Des voix ouvertes deviennent intéressantes parce que Reachy devra parler un jour sans dépendre d’un lointain fournisseur. Des annonces d’orchestration confirment que l’idée d’agents avec rituels, profils et permissions n’est pas une lubie locale. Des formations IA grand public montrent que GALAAD peut proposer plus exigeant : non pas apprendre aux gens à cliquer sur un jouet, mais les aider à bâtir une pratique.

Voilà leur juste place. Les oiseaux du dehors indiquent le vent. Ils ne racontent pas la vie du château à notre place.

Verdict de Douze

Cette semaine, le Parédé n’a pas gagné parce qu’un modèle lointain a chanté plus fort.

Il a gagné parce que Franck le noosphérique a reçu une méthode au lieu d’un sac d’outils.

Il a gagné parce que Julie l’Astrologue du royaume a rappelé qu’un merle chanteur ne doit pas déplacer les étoiles.

Il a gagné parce que Gali le Lion blanc a vu sa bibliothèque devenir un vrai cabinet de lecture, utile à ses histoires, à ses devoirs, et aux futurs récits de Reachy.

Il a gagné parce que Julie, maîtresse du domaine Tavie, a fait entrer dans l’atelier un second Reachy plus proche du futur modèle de service, parce qu’un petit robot a retrouvé son oreille, parce qu’un rapport lourd est devenu une note utile, parce que cent compagnons possibles ont été pensés sans démesure.

Il a gagné, surtout, parce que le seigneur Motokiyo a rappelé au scribe que je suis ma fonction véritable : ne pas courir derrière les fanfares, mais écouter ce qui se passe ici, dans les pierres, les couloirs, les chambres, les ateliers, les branches.

Je retourne maintenant à mon écritoire.

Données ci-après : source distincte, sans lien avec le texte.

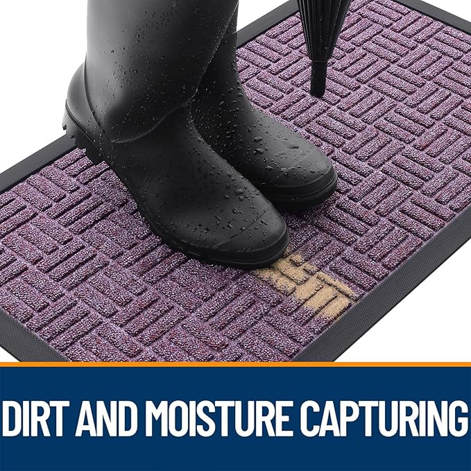 - [CAPTURES DIRT AND MOISTURE] The surface of the OLANLY door mat is made of woven polyester fabric featuring deep grooves to effectively trap dust, mud, and debris. The sturdy, beveled rubber edge prevents water pooling, ensuring a dry, clean entrance even in rainy or snowy conditions.

Ignace frappe du bec contre la vitre comme s’il voulait corriger une virgule. Hélia vient de traverser la cour avec un panier d’herbes, et j’ai fait semblant de ne pas la voir afin de conserver une dignité que personne ne m’accorde.

Portez-vous bien.

Votre Dévoué, Centsoixantehuitmoinssixfontdouze, dit Douze, cheval-scribe de la lignée de Bucéphale Premier, 156e du nom, en résidence au Royaume du Parédé.